The latest buzz from Yahoo Finance points to a trio of AI‑themed exchange‑traded funds as the “best picks” for the second half of 2026. While the specifics of those ETFs aren’t disclosed here, the underlying message is clear: artificial‑intelligence technology is expected to keep driving investment flows, and ETFs offer a convenient way for retail investors to tap into that growth without picking individual stocks.

In a market that’s currently in a state of extreme fear—Bitcoin’s price sits at $63,099 and Ethereum at $1,748, each up only about 1–2 % in the last 24 hours—many investors are looking for more stable, diversified vehicles. AI ETFs can provide that diversification, but they’re not immune to the same market swings that affect the broader tech and crypto sectors. The fact that Bitcoin’s “new debt machine” is facing its first major test suggests that risk‑tolerant sentiment may be on the back burner, which could dampen enthusiasm for high‑beta assets.

For retail readers, the takeaway is that AI ETFs might be a useful addition to a portfolio that already includes crypto, especially if you’re seeking exposure to cutting‑edge technology while mitigating some of the volatility inherent in individual tokens. However, it’s important to keep an eye on regulatory headlines—AI is a hot topic for lawmakers—and on how the ETFs perform once they start trading. If the AI sector continues to attract capital, these funds could deliver solid returns; if regulatory hurdles or a slowdown in tech adoption hits, they may underperform.

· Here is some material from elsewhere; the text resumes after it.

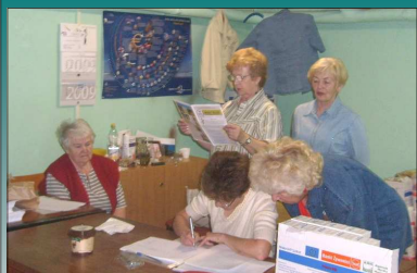
FOTO KRONIKA - z życia seniora
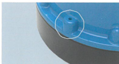
Luftventilen sikrer, at pumpen starter pålideligt

Tilbehør: Slangekobling 1 1/4" (Mat. Nr. JP00327) Simer Level Control (Mat. Nr. JP46884)

In short, the next few months will be telling. Watch how the AI ETFs launch, how their underlying holdings perform, and whether the broader market sentiment—currently skewed toward extreme fear—shifts as Bitcoin’s debt machine and other macro‑economic factors play out. This will help you decide whether adding AI exposure is the right move for your risk profile and investment horizon.